工業簿記と原価計算の関係

工業簿記と原価計算。

呼び方は違うけれど、要は同じものなの?
という疑問がわきますが、厳密に言うとこれらは別物です。

 

ここから若干脇道に逸れますが、お付き合いくださいm(--)m

 

工業簿記はその名の通り簿記ですから、製品を作ったらそれが何円なのか知る必要があります。
(簿記はお金の動きを記録して、最終的に財務諸表という会社の成績表を外部向けに作成することが目的です)

つまり製品原価を必要とします。
その原価情報を提供してくれるのが原価計算という手法です。

しかし原価計算というのは単に「製品一つが何円で作れたか」を考えるだけの技術ではありません

・この製品を何個売れば会社全体で利益が出るのか?
・この事業は一見儲けていないようだが、本当に不採算事業なのか?
・投資案件があるが将来プラスになる見込みがあるだろうか

こういった経営の意思決定に役立つ情報も提供してくれるのです。
これらは会社の外部の者に伝える必要はありません。会社内部でのみ利用する情報です。

このように会社内部で使用する経営に資する会計のことを管理会計と呼び、これには公共的なルールがありません。
各会社が自分たちの使いやすい仕組みを作って活用しています。

管理会計の逆に制度会計という会計があります。
名前の通り制度(ルール)によって規定されています。

この制度会計の中に財務会計というものが分類されます。

これは財務諸表(決算書)、つまり公開する会社の成績表を作成する会計を指します。
財務諸表作りにはこと細かいルールがあります。
投資家などが複数の会社を比較検証するため、同じ尺度で作る必要があるからです。

 

号の色(青色、黄色、赤色)は全国共通で同じ意味を持たせていますよね。
仮に東京は紫で進め、大阪はピンクで進め、とかだったら分かりにくくて仕方ありません。
事故を誘発する気まんまんじゃないですか。

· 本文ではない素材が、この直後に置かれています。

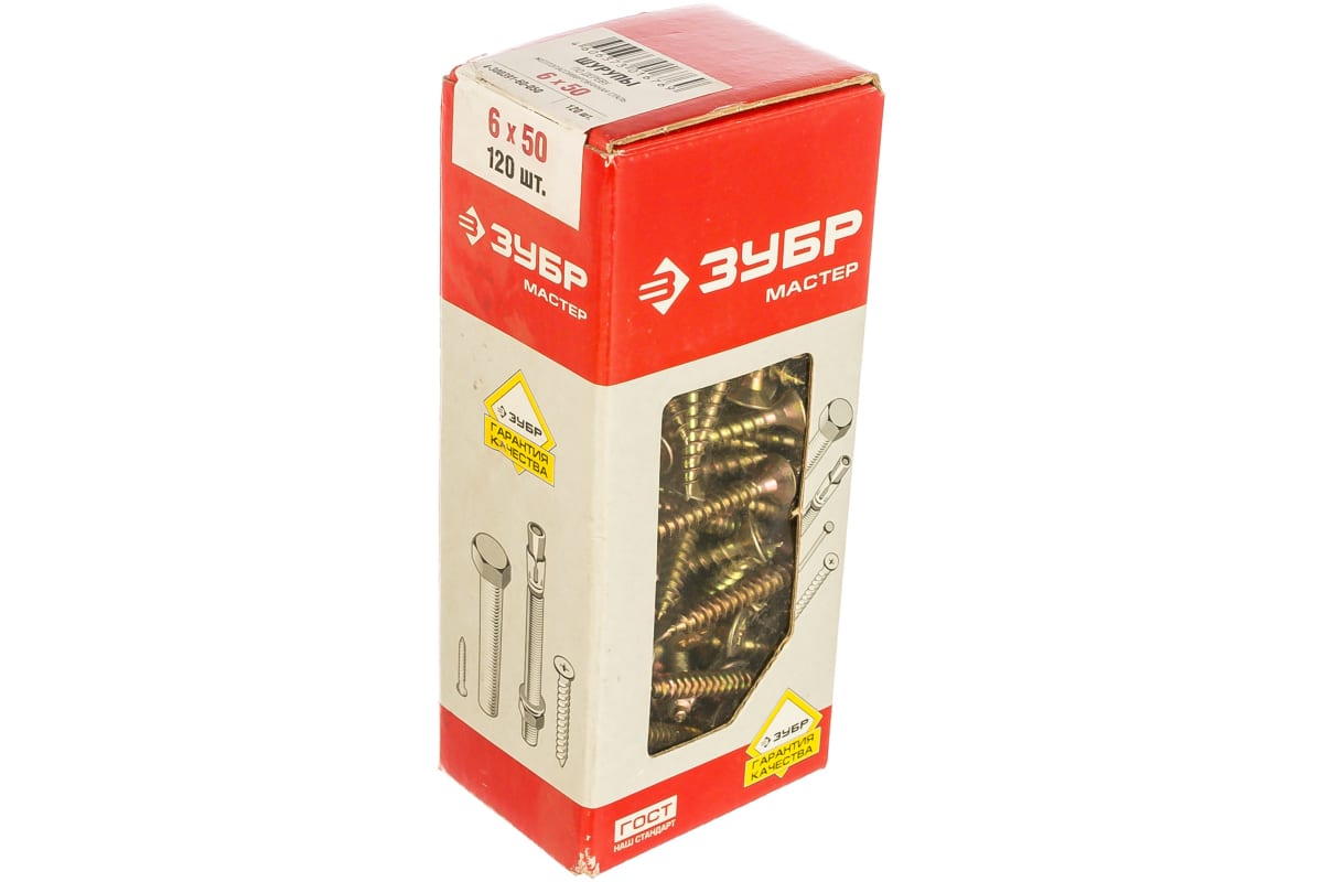 —Универсальные шурупы для дерева, ДСП, ДВП Зубр желтопассивированные, PZ, 6,0x50мм, ТФ1, 120 штук 4-300391-60-050—

(まぁ私はあまり車に乗らないので困りませんが・・・)
共通のルールがあるから便利なのです。
事がスムーズに運ぶのです。

同様に、企業が個々に独自のルールを設けて財務諸表を作っていたのでは読みにくくていけません。
共通のルールが必要です。
こういう取引をしたときはこんな記録の仕方をしますよ、といった決まり事を作っておくのです。

この決まり事を順守する会計が財務会計です。

 

を戻して、工業簿記と原価計算の関係。
材料を消費したり人件費が発生したなどの記録は財務会計の分野です。
何を何円使ったかははっきり分かることです。

そしてこの原価要素(材料や労働力)の消費額が製品や仕掛品へと振り替えられるのですが、
ではどの製品が何円なのか? という疑問には財務会計は答えることができません。
(昔はざっくりと製品原価を計算していたようですが、
工業化した現代において合理的な計算をしようとしても無理です)

そこで誕生したのが原価計算という仕組みです。

原価計算は財務会計からデータを提供してもらい、それを用いて複雑な計算をこなし、
製品や仕掛品の原価を合理的に算出します。

この製品原価や仕掛品原価を財務会計に返すことで、
財務会計は適切な損益計算や財政状態を示すことができるのです。

このように原価計算は財務会計が対応できない部分を補う外注先のようなもので、
この原価計算とのやり取りを担う財務会計の窓口が工業簿記なのです。

 


 

ただ、簿記検定では
「工業簿記」という科目に製品原価や仕掛品原価を計算する分野を収め、
「原価計算」という科目に直接原価計算や投資計画など管理会計の分野を担当させているように見受けられます。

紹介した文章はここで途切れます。